Random Annoyances: Unnecessary Entertainment During The Victoria’s Secret Fashion Show

There’s just four weeks to go until the Victoria’s Secret Fashion Show, the annual televisual event that all heterosexual males lust …… I mean look forward to. Only in recent years, it’s steadily been turning into some dreadful all singing, all dancing entertainment crap with less and less focus on hot sexy models parading their stunning bods in skimpy lingerie.

Take the 2010 show for example. Never mind drooling over Alessanda Ambrósio or Adriana Lima in their undies, we were subjected to the likes of Akon warbling away whilst Katy Perry did a gig surrounded by writhing male dancers who looked like they’d just been found in the Blue Oyster Bar. The 2007 show was even worse with the nauseating spectacle of Seal serenading his model wife Heidi Klum who then joined him in a toe-curling embarrassing duet.

And then there’s the constant TV cuts to mindless unnecessary drivel like shots of backstage dress rehearsals, shots of gawping celebrities, shots of whoever is providing the rubbish warm-up "entertainment", shots of the stage, shots of the lights, shots of the building, shots of the fireworks, shots of the crowd, in fact pretty much shots of everything except the close up shots of the Victoria’s Secret Angel’s legs and boobs which is what everyone has really tuned in for.

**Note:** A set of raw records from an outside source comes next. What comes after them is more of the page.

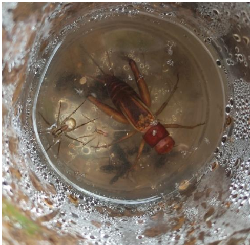
Foto serangga Gryllidae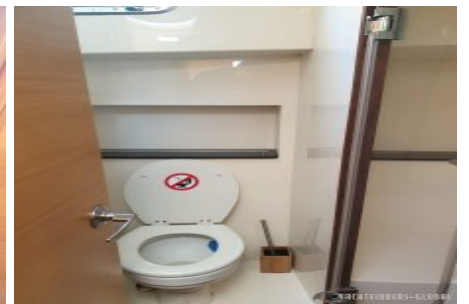
Interior view (Bottom Right)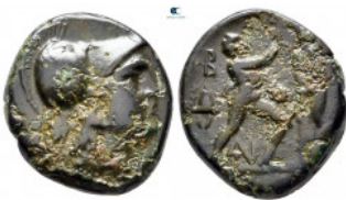
139 Kings of Macedon. Uncertain mint. Antigonos II Gonatas 277-239 BC. Bronze Æ 20 mm, 6,70 g nearly very fine 10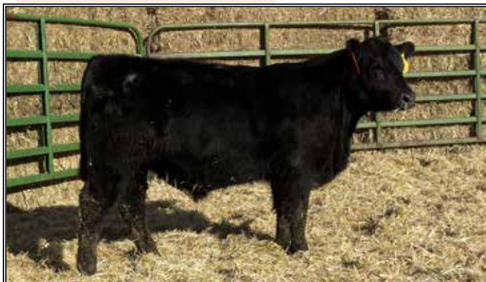
RB IRON CLAD 17M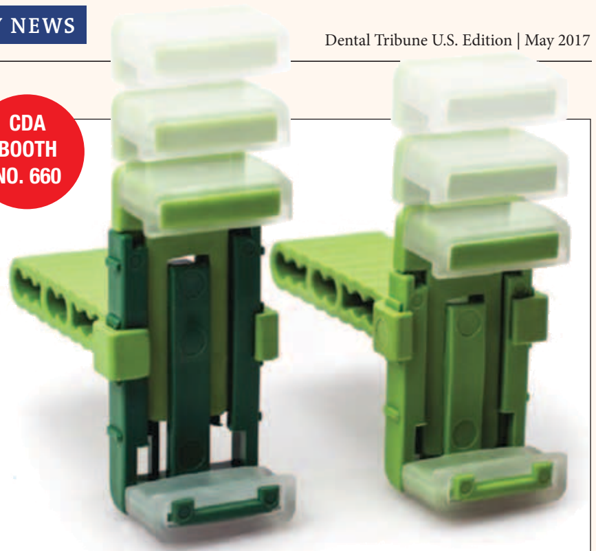
The Sensibles universal sensor positioner (large and medium sizes pictured) now feature unique locking bumpers that enable you to slide the bite block to any of several fixed positions.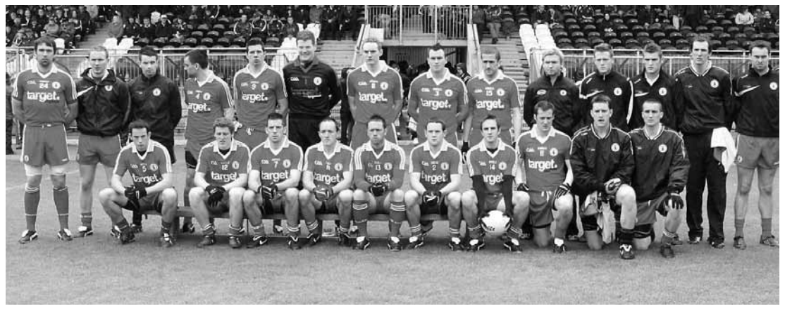
Tyrone Senior Football Team that reached the Ulster Championship Semi-Final in 2011.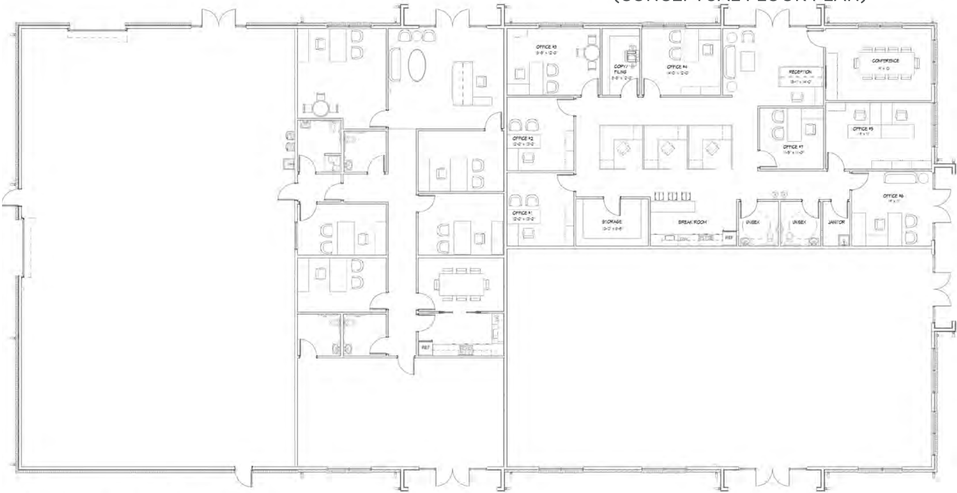
1ST FLOOR PLAN FUTURE OFFICE LAYOUT

Mixing the actual fashion show with the performance is also a stupid idea. We don’t want to see the models trying to mingle with the singers or bands whilst sashaying down the runway wearing a thong. Have the organisers got any idea how many guys are out there desperately trying to beat one off only for the camera to pan to Justin fuckin’ Timberlake at the point of no return?

The Victoria’s Secret Fashion Show needs to either provide an edited version of the show with sexy ass models only or get back to basics; a couple of runway camera’s mounted on rails that follow each model up and down the stage with long lingering panning shots to get the full body and face, no entertainment, no singing, no dancing and definitely no frivolous cuts or TV splices to anything that isn’t hot, female, wearing lingerie and in heels.